Each of these sets of coefficients is of length one half of the original data: i.e. 2^{J-1}. Each of these sets of coefficients is a set of wavelet packet coefficients. The algorithm then applies both DG and DH to both
d^{J-1} and c^{J-1} to form a four sets of coefficients at
level J-2. Both operators are used again on the four sets to produce 8 sets, then again on the 8 sets to form 16 sets and so on.
At level j=J,...,0 there are 2^{J-j} packets of coefficients each
containing 2^j coefficients.
This function enables whole packets of coefficients to be inserted at any resolution level. The index argument chooses a particular packet within each level and thus ranges from 0 (which always refer to the father wavelet coefficients), 1 (which always refer to the mother wavelet coefficients) up to 2^{J-j}.
Value
An object of class wp.object which is the same as the input wp.object except it now has a modified packet of coefficients.
RELEASE
Version 3.9 Copyright Guy Nason 1998
Author(s)
G P Nason
See Also
Examples
#
# Take the wavelet packet transform of some random data
#
MyWP <- wp(rnorm(1:512))
#
# The above data set was 2^9 in length. Therefore there are
# coefficients at resolution levels 0, 1, 2, ..., and 8.
#
# The high resolution coefficients are at level 8.
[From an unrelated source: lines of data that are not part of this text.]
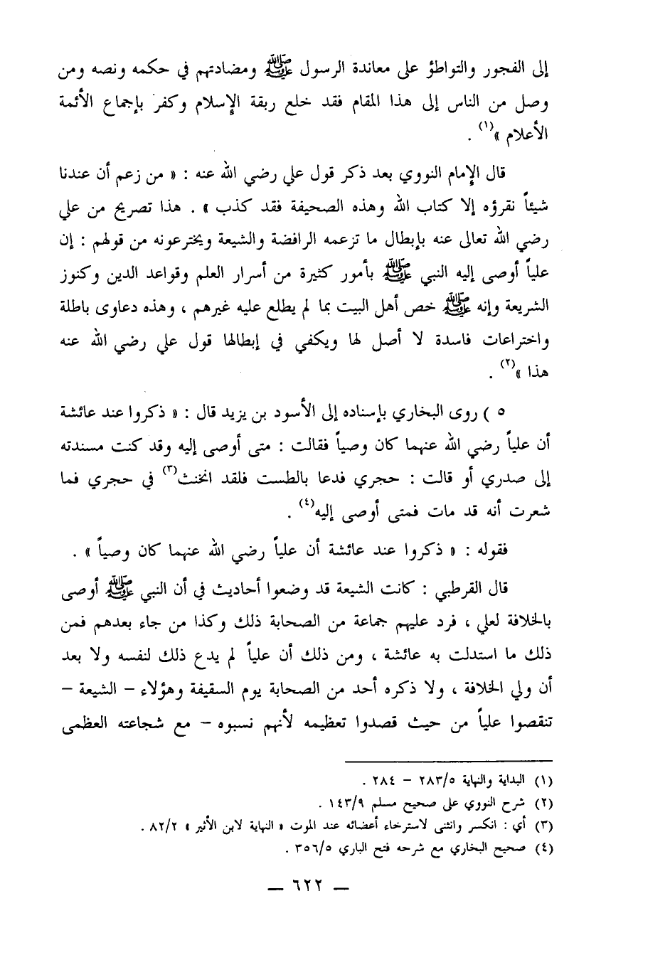 قال الإمام النووي بعد ذكر قول علي رضي الله عنه: "من زعم أن عندنا شيئاً نقرؤه إلا كتاب الله وهذه الصحيفة فقد كذب هذا تصريح من علي رضي الله عنه بإبطال ما تزعمه الرافضة والشيعة ويخترعونه من قولهم إن علياً أوصى إليه النبي بأمور كثيرة من أسرار العلم وقواعد الدين وكنوز الشريعة وإنه صلى الله عليه وسلم خص أهل البيت بما لم يطلع عليهم غيرهم، وهذه دعاوى باطلة واختراعات فاسدة لا أصل لها ويكفي في إبطالها قول علي رضي الله عنه هذا"2.
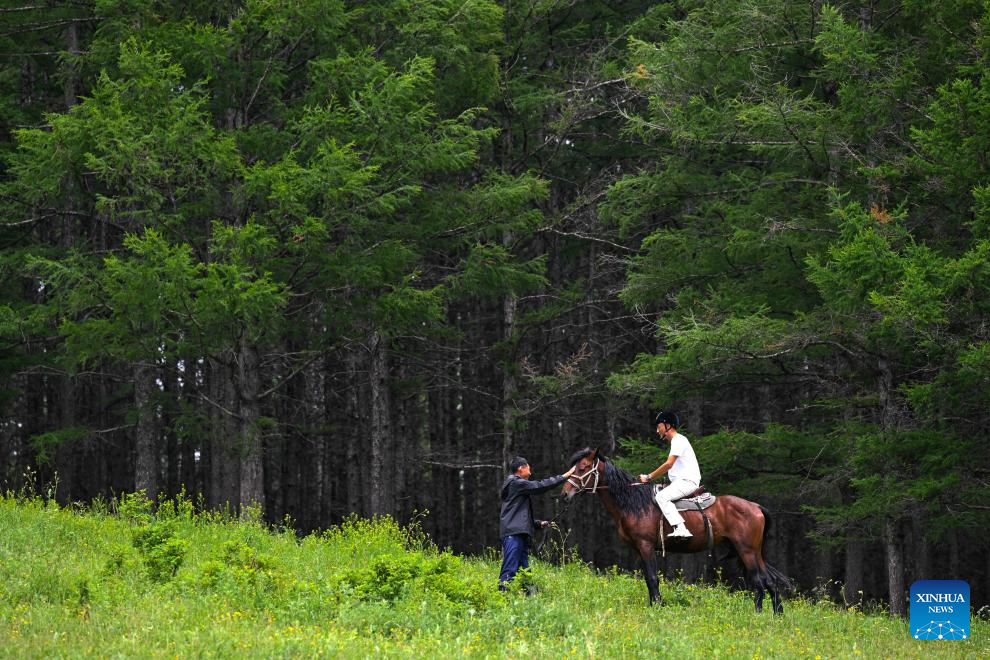 A tourist rides a horse at the national forest park in Arxan of Hinggan League, north China's Inner Mongolia Autonomous Region, July 5, 2025. Arxan, located at the southwestern foot of the Dahinggan Mountains and at the intersection of four major grasslands, is an increasingly popular tourist destination. (Xinhua/Bei He)
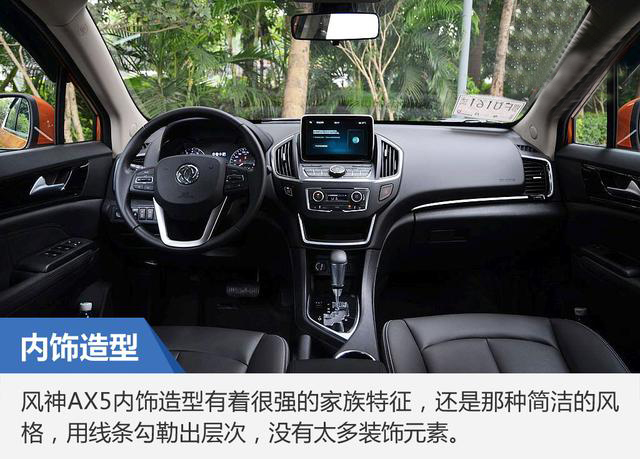風(fēng)神AX5內(nèi)飾造型有著很強的家族特征,還是那種簡潔風(fēng)格,用線條勾勒出層次,沒有太多裝飾元素。中控臺采用偏軟的搪塑,手感舒適,,接縫比較均勻,整體做工也非常不錯。三幅式方向盤采用真皮包裹,并且在三點和九點位設(shè)置貼合手型的凹槽,握感扎實。兩側(cè)的多功能鍵可以提供多媒體控制、藍牙電話和ACC巡航控制等功能。雙圓式表盤外圈采用鍍鉻包邊,黑底白字清晰易讀,也符合其定位。中央的彩色顯示屏,可以提供大量行車信息。中控臺頂部配置了一塊8英寸的顯示屏,屏幕的分辨率和反應(yīng)速度都還不錯,下方配備了物理按鍵的控制區(qū)。多媒體系統(tǒng)配備了WindLink車載智能互聯(lián)系統(tǒng),可以與安卓系統(tǒng)手機連接實現(xiàn)共享以及定位服務(wù)等功能。而且Telematics遠程技術(shù)信息服務(wù)支持離車導(dǎo)航,借助車機互聯(lián)功能將導(dǎo)航信息推送到用戶手機端。中高配車型配有360°全景影像,后方的輔助線可以可與方向盤隨動,使日常泊車安全性大幅度提升,如果攝像頭的清晰度能再高點就更好了。手動空調(diào)功能旋鈕與按鍵設(shè)計的整體布局都非常簡潔,并且使用起來的質(zhì)感與阻尼感方面也有著不錯的表現(xiàn),同時還配備了后排出風(fēng)口。中控臺底部設(shè)置了USB、AUX、SD卡槽和12V電源接口,方便外部設(shè)備的接駁。四門都配有電動升降車窗,并且都具備一鍵升降功能。

# There should be 256 DG coefficients and 256 DH coefficients
#
length(getpacket(MyWP, level=8, index=0))
# [1] 256
length(getpacket(MyWP, level=8, index=1))
# [1] 256
#
# The next command shows that there are only two packets at level 8
#
#getpacket(MyWP, level=8, index=2)
# Index was too high, maximum for this level is 1
# Error in getpacket.wp(MyWP, level = 8, index = 2): Error occured
# Dumped
#
# There should be 4 coefficients at resolution level 2
#
# The father wavelet coefficients are (index=0)
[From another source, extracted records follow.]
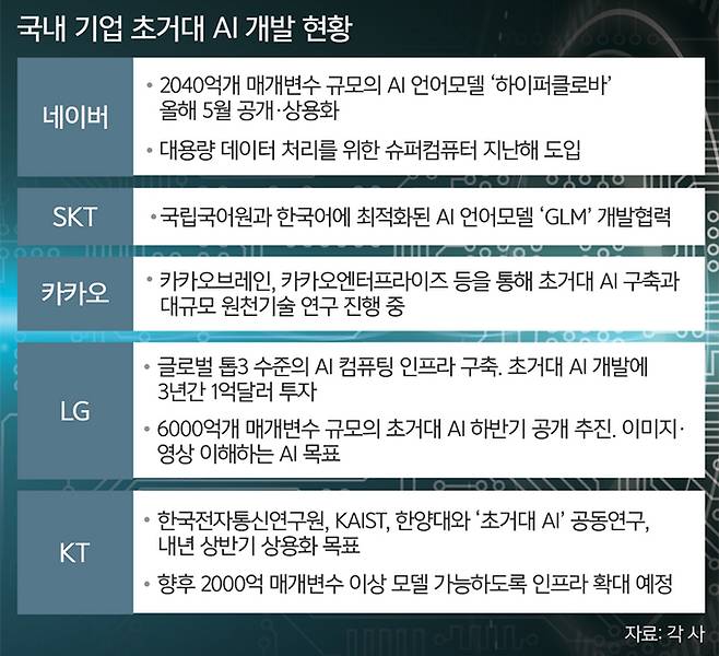 세계적으로 초거대 AI 개발 경쟁이 거세지고 있다. 국내 기업도 ‘AI 주권’ 확보를 위해 속속 가세하고 있다. 지난 5월 네이버가 하이퍼클로바를 내놓은 것을 시작으로 LG, 카카오, 통신3사 등이 AI 지능 높이기 경쟁에 뛰어들었다.
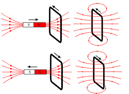 Considera una bobina conectada a un galvanómetro (amperímetro sensible) y mantenla en reposo. Al aproximar o alejar el polo norte de un imán a la bobina, el galvanómetro detecta el paso de una corriente eléctrica.
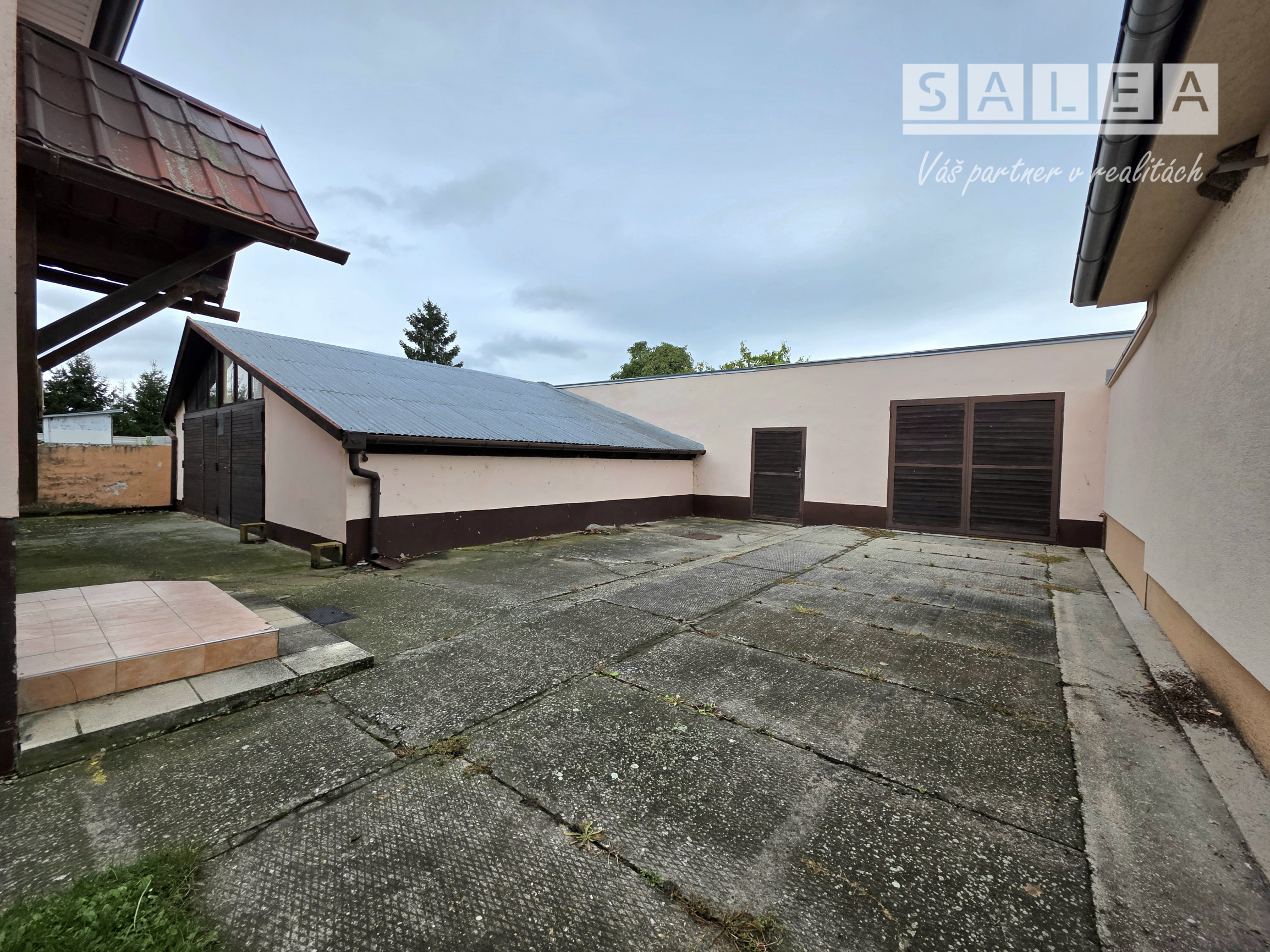 ✔ veľký pozemok (926 m²) s garážami, skladmi a hospodárskymi budovami

getpacket(MyWP, level=2, index=0)
# [1] -0.9736576 0.5579501 0.3100629 -0.3834068
#
# The mother wavelet coefficients are (index=1)
#
getpacket(MyWP, level=2, index=1)
# [1] 0.72871405 0.04356728 -0.43175307 1.77291483
#
# Well, that exercised the getpacket.wp
# function. Now that we know that level 2 coefficients have 4 coefficients
# let's insert some into the MyWP object.
#
MyWP <- putpacket(MyWP, level=2, index=0, packet=c(21,32,67,89))
#
# O.k. that was painless. Now let's check that the correct coefficients
# were inserted.
#
getpacket(MyWP, level=2, index=0)
#[1] 21 32 67 89
#
# Yep. The correct coefficients were inserted.